Postherpetic neuralgia (PHN) and painful human immunodeficiency virus-associated distal sensory polyneuropathy (HIV-DSP) are peripheral neuropathic pain syndromes that are difficult to treat. Current treatment options are often limited by poor tolerability.
The objective of the current open-label study was to assess the safety of repeated applications of NGX-4010, a high-concentration capsaicin patch (capsaicin 8%), over one year, in patients with moderate to severe PHN or HIV-DSP.

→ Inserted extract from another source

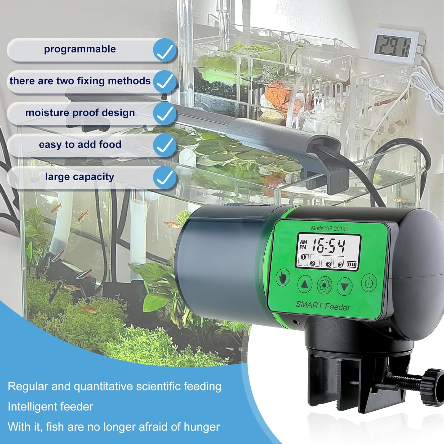 [Suitable for multiple types of food]: Capable of accommodating various forms of fish food, including pellets, trays, strips, and flakes, adapting to the dietary habits of different fish species. With a capacity of 200ml, its large size holds enough food to keep your fish fat while you’re away. Hatch style feed door is completely adjustable, allowing you to decide how much food is dispensed at each meal

Patients had successfully completed a previous NGX-4010 study and had a pain level appropriate for further treatment. Eligible patients had not been treated with NGX-4010 within 12 weeks of study initiation. Patients received pretreatment with a topical local anesthetic (lidocaine 4%) for 60 minutes followed by either a 60-minute (PHN and HIV-DSP patients) or a 90-minute (HIV-DSP patients) treatment with NGX-4010. Patients could receive up to three additional treatments at intervals of > or = 12 weeks. Regardless of the number of treatments received, all patients were followed up for 48 weeks except for those withdrawing early.
A total of 106 patients were enrolled and received a total of 293 NGX-4010 treatments. The most frequently reported treatment-emergent adverse events were transient, mild-to-moderate application site erythema, pain, edema, and papules. Small, transient pain-related increases in blood pressure during and immediately after NGX-4010 application were observed. There was no evidence of an increased incidence of adverse events, dermal irritation, intolerability, or impaired neurological function with repeated treatments.
It is concluded that repeated treatments with NGX-4010 administered over a one-year period are generally safe and well tolerated.